Gregory James Broussard (born August 31, 1963), better known by his stage name Egyptian Lover, is an American musician, vocalist, producer and DJ, and was a part of the L.A. dance music, electro, and rap scene in the early 1980s.

History 
The Egyptian Lover was born in Los Angeles, California, and started out there as a DJ with Uncle Jamm's Army, DJing dances as large as the L.A. Sports Arena with 10,000 people. He began recording around Los Angeles in 1982 as a member of the Radio Crew, as well as Uncle Jamm's Army. Members of Uncle Jamm's Army and the World Class Wreckin' Cru, including Dr. Dre, The Unknown DJ, Egyptian Lover, Ice-T and Kid Frost would later go on to help define the early West Coast Hip-Hop sound throughout the 1980s.

Most of the Egyptian Lover's successful recordings were 12" singles. "Egypt, Egypt" was one of the most popular, which was called part of the "b-boy canon." He eventually released some of the earliest rap LPs, but they were less popular commercially than his singles. On the strength of an alternate mix of his most popular single "Egypt, Egypt", 1984's On the Nile was moderately successful, reaching the Billboard Top 200. It was called "one of the first hip-hop records to come out of the left coast". He also collaborated with several other hip-hop and dance music artists. After a break in the early 1990s, Egyptian Lover returned in 1994 with Back from the Tomb, his first full-length album in over ten years.

The Egyptian Lover also established his own record company, Egyptian Empire Records, which included artists such as Rodney O & Joe Cooley, 2 O'Clock & Te & Joezee.

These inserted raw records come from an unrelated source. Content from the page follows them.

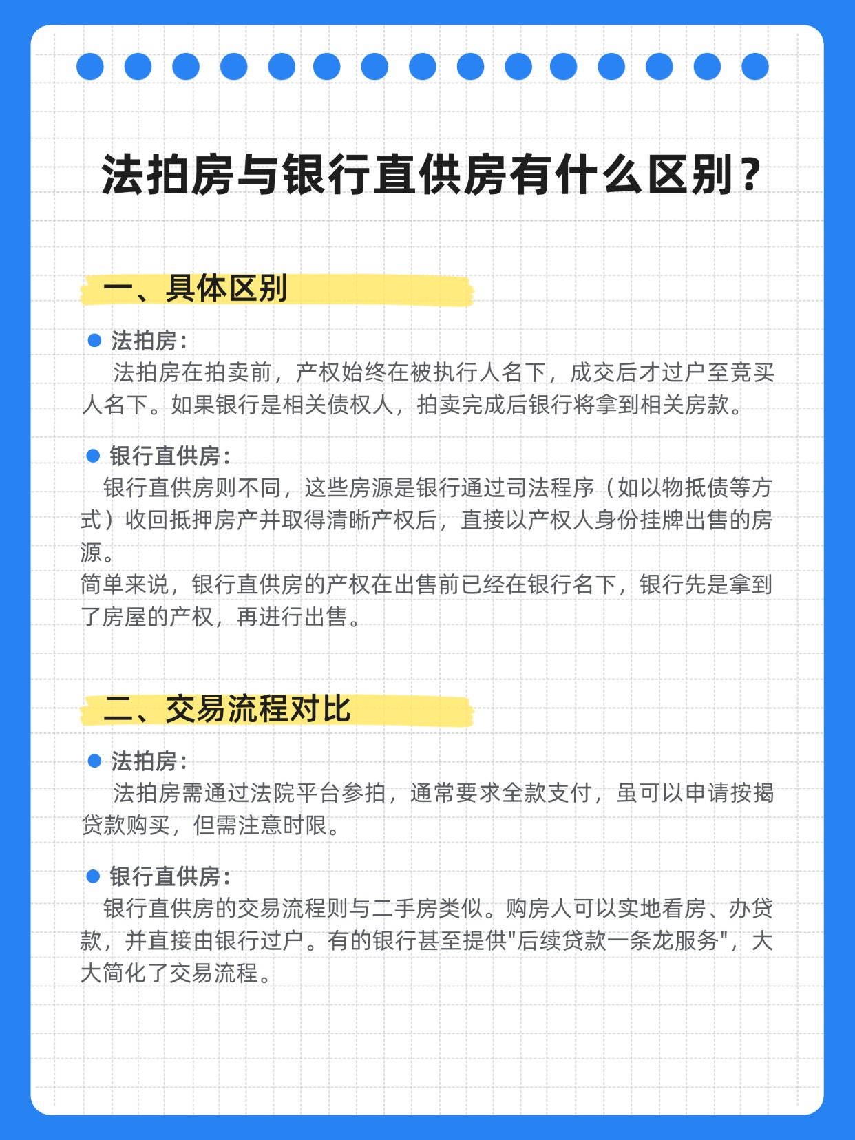 法拍房和银行直供房。这两种房源虽然都是通过某种方式进入市场,但它们之间存在显著的差异。小德今天就详细解析法拍房与银行直供房的区别,为大家提供一份清晰的购房指南。
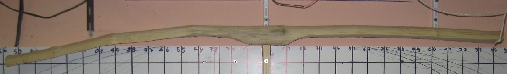 geschnitten am 17.12.2012, Gewicht nach dem groben Zuschneiden 2856g, heute nur noch 1850g und 12% Restfeuchte. 55mm gewachsener Deflex, leichter Drehwuchs, ansonsten kerzengerade, Länge 156cm, Breite zwischen 54 und 64mm, habe noch keine genaue Vorstellung vom Design, ausser, dass ich ihm wg. der Kürze kurze Recurves verpassen will, der Rest wird sich dann ergeben, geplantes Zuggewicht 50# +-5#
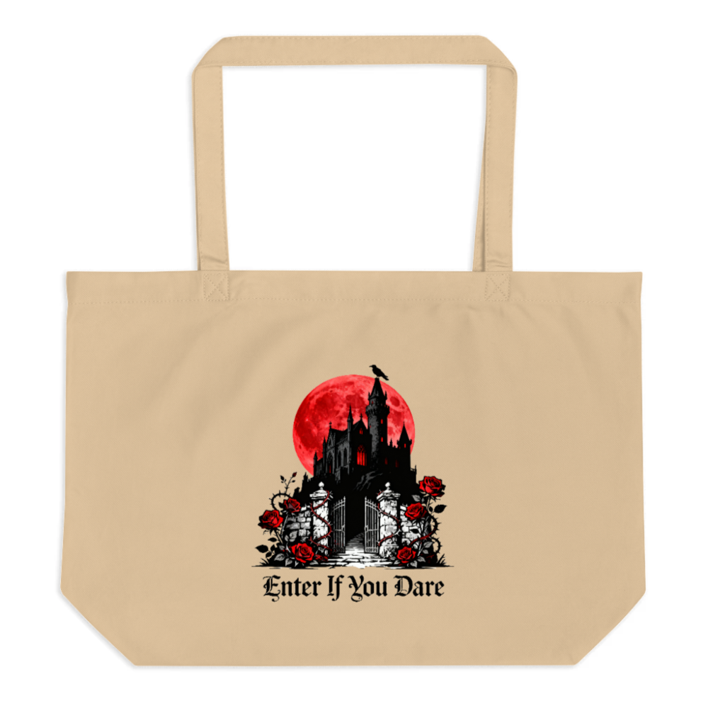 A large, eco-friendly organic cotton tote bag featuring a striking gothic castle silhouette against a vivid red moon, framed by thorny roses and an open gate with the bold phrase ‘Enter If You Dare’. Designed for sustainable everyday use, this stylish unisex bag combines dark fantasy art with responsible materials. Made from certified organic cotton—no synthetic additives or harmful dyes. Perfect for shoppers who value both ethical sourcing and hauntingly beautiful aesthetics.
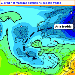 Un nucleo di aria molto fredda di recente origine artica perverrà sul cuore dell'Europa e interesserà con la sua coda periferica (ma non meno velenosa) anche l'Italia. Il modello inglese però rimane un po' scettico.
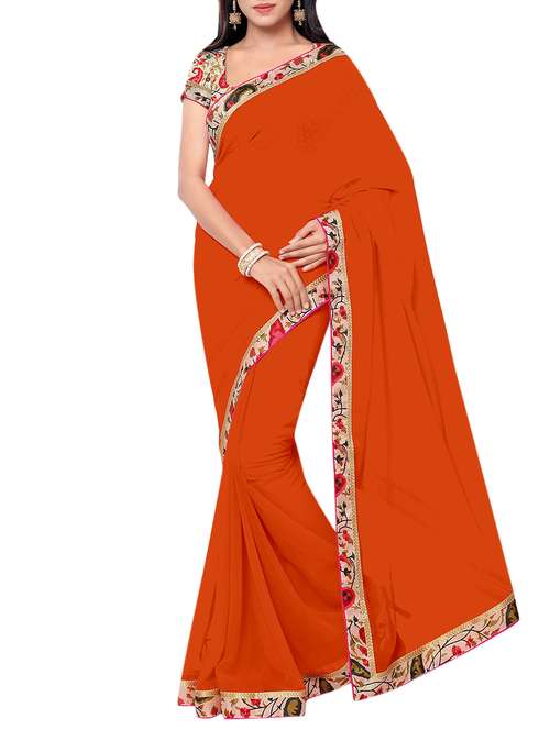 orange georgette bordered saree with blouse - 13860552 - Very Small Image - 1

His 2015 release, 1984, continues his tradition of using all analog equipment, including the Roland TR-808, along with much of the same gear used on his recordings of the 1980s. The name "1984" refers to his earlier albums. The album was recorded at Skip Saylor, Encore Studios, and at RUSK Studios, the same studio where On The Nile was recorded in 1984. It is widely available on double gatefold LP, CD and cassette tape.

2000s 
 2005 – New single "Party", backed with "Dancefloor"
 February 2006 – Platinum Pyramids was released
 End of 2006 – Recorded "UFO" and "Futuristic" with Jamie Jupiter for Jupiter's new 12" single (never released)
 2007 – Remade "Modernaire" by Dez Dickerson (from the film Purple Rain) for the label Citinite
 2007 – Collaborated with Clone Machine and Egypt Ear Werk
 December 2008 – Released exclusive songs on iTunes: "Electro Pharaoh", "Freaky D.J.", and "Scandinavian Summer"
 2008 – Joined Who Cares on the song "They Killed the Radio"
 2008 – Worked with Jamie Jones on the song "Galactic Space Bar"
 2008 – Worked with M.I.A. on "Rock off Shake off" for new artist Rye Rye
 May 2009 – Collaborated with Debonaire on "Do U Wanna Get Down?" for a new Street Sounds compilation
 May 2009 – New video "Freaky D.J." with producer/director Victor Brooks a.k.a. Who007
 2009 – New album that included songs "Electro Pharaoh", "U.F.O.", "Freaky D.J.", "BellyDance", "Scandinavian Summer", and "Do U Wanna Get Down?"
 June 2009 – Remix of James Pants's Cosmic Rapp was released
 2011 – work on new album entitled 1984 begins
 2014 – Collaborated with Dye on the song "She's Bad"
 2015 – 1984 released

Touring 
The Egyptian Lover began touring again in 2004 throughout Europe, Asia, and North America. His performances often begin with mixing records on turntables before segueing into his original compositions.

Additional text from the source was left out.